### Dataset extract
####

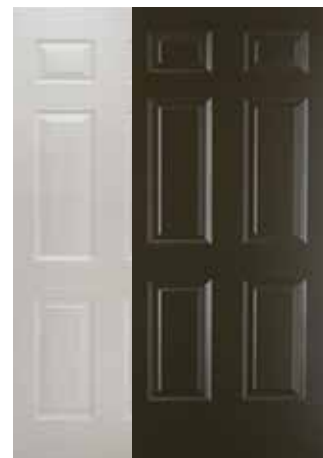
CLÁSICA 6 PANELES BLANCA Y CHOCOLATE
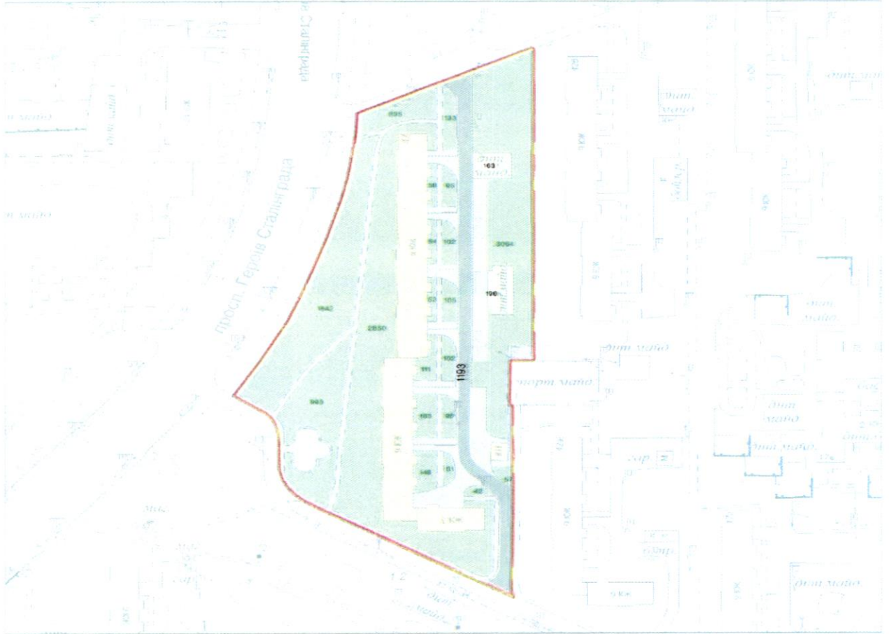
СХЕМА обслуговування території навколо багатоквартирного будинку на просп. Володимира Івасюка, 42

Додаток 6 до Договору про надання послуги з управління багатоквартирним будинком від 07.02.2025 № 148

####

### What is required
Output the listing above in full and exactly, with pictures excluded.

### Expected answer
CLÁSICA 6 PANELES BLANCA Y CHOCOLATE
СХЕМА обслуговування території навколо багатоквартирного будинку на просп. Володимира Івасюка, 42

Додаток 6 до Договору про надання послуги з управління багатоквартирним будинком від 07.02.2025 № 148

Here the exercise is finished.